ASSIGNED TASK ▸ Every line below is to be given again precisely; images are to be left out.

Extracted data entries

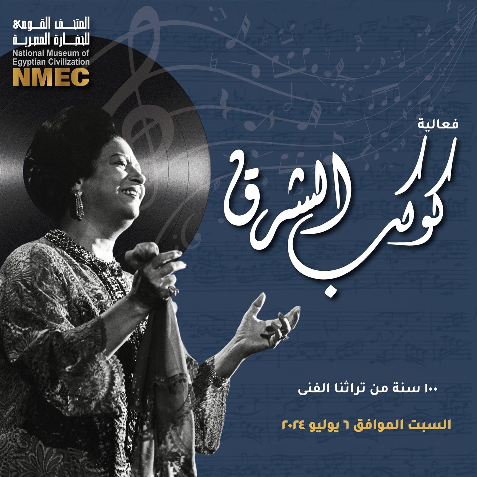 في إطار الاستراتيجية التي يتبناها المتحف القومي للحضارة المصرية، ضمن نشاطه الثقافي لإلقاء الضوء على التراث الثقافي والفنون التراثية والترويج لها، يتشرف المتحف القومي بتنظيم فعالية تراثية ثقافية، للاحتفال بمئوية بداية سيدة الغناء العربي أم كلثوم للغناء في أولى حفلاتها الغنائية، وإلقاء الضوء على أحد أهم معالم تراثنا الفني.
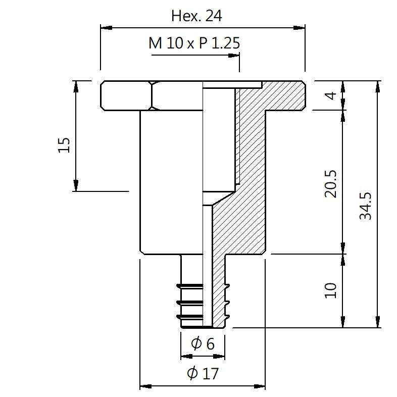 真空螺絲-內牙Y型 螺牙 M10 - 盤面 6 - 高度 34.5 (B10Y-136)
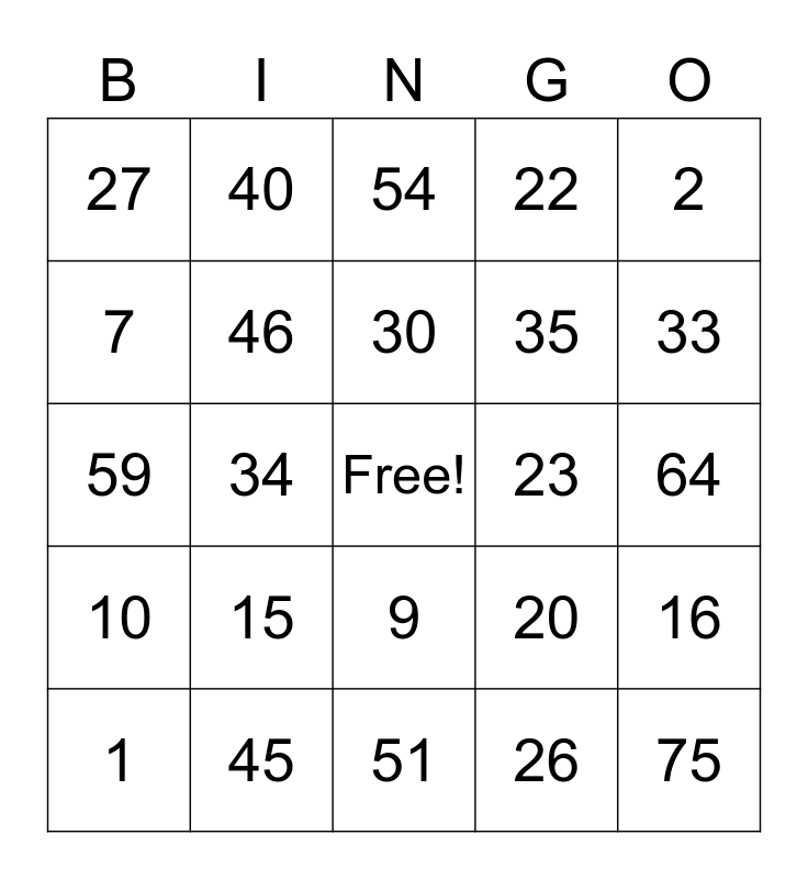 This bingo card has a free space and 24 words: 15, 45, 30, 1, 2, 27, 7, 40, 23, 9, 35, 59, 20, 16, 46, 26, 64, 54, 33, 34, 75, 10, 22 and 51.
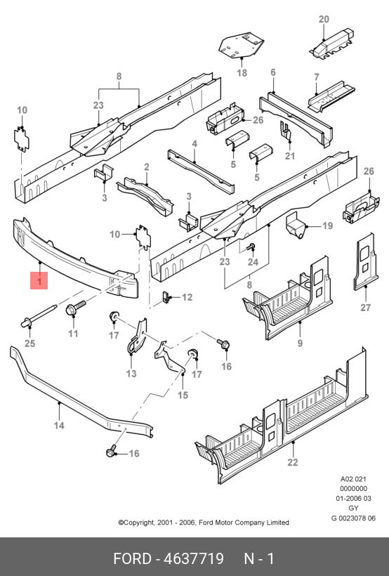4 637 719 FORD Усилитель переднего бампера
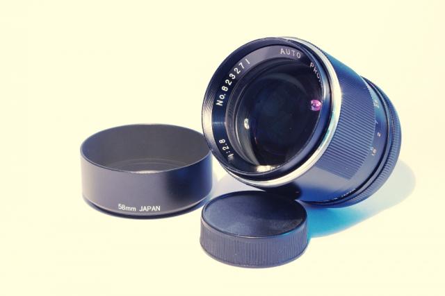 Promura MC f=135 1:2.8. Objektyvas su Minolta M/MD bajonetu. Komplekte metalinė blenda ir galinis dangtelis.
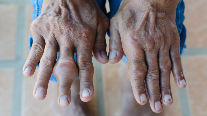 Gicht kann zudem sekundär durch andere Erkrankungen wie Nierenschäden oder unbehandelten Diabetes auftreten. Das Auftreten von Gichttophi, die Ablagerung von Harnsäurekristallen im Gewebe, ist ein Zeichen für fortschreitende Gicht.
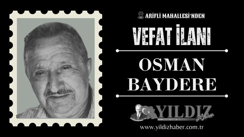 Arifli Mahallesi’nden Leyla Baydere’nin eşi; Bulancak esnaflarından Celal Baydere, Ayten, Güven ve Zeliha Çolak'ın babaları Osman Baydere vefat etti.

OUTPUT OF THE EXERCISE ▸
 في إطار الاستراتيجية التي يتبناها المتحف القومي للحضارة المصرية، ضمن نشاطه الثقافي لإلقاء الضوء على التراث الثقافي والفنون التراثية والترويج لها، يتشرف المتحف القومي بتنظيم فعالية تراثية ثقافية، للاحتفال بمئوية بداية سيدة الغناء العربي أم كلثوم للغناء في أولى حفلاتها الغنائية، وإلقاء الضوء على أحد أهم معالم تراثنا الفني.
 真空螺絲-內牙Y型 螺牙 M10 - 盤面 6 - 高度 34.5 (B10Y-136)
 This bingo card has a free space and 24 words: 15, 45, 30, 1, 2, 27, 7, 40, 23, 9, 35, 59, 20, 16, 46, 26, 64, 54, 33, 34, 75, 10, 22 and 51.
4 637 719 FORD Усилитель переднего бампера
 Promura MC f=135 1:2.8. Objektyvas su Minolta M/MD bajonetu. Komplekte metalinė blenda ir galinis dangtelis.
 Gicht kann zudem sekundär durch andere Erkrankungen wie Nierenschäden oder unbehandelten Diabetes auftreten. Das Auftreten von Gichttophi, die Ablagerung von Harnsäurekristallen im Gewebe, ist ein Zeichen für fortschreitende Gicht.
 Arifli Mahallesi’nden Leyla Baydere’nin eşi; Bulancak esnaflarından Celal Baydere, Ayten, Güven ve Zeliha Çolak'ın babaları Osman Baydere vefat etti.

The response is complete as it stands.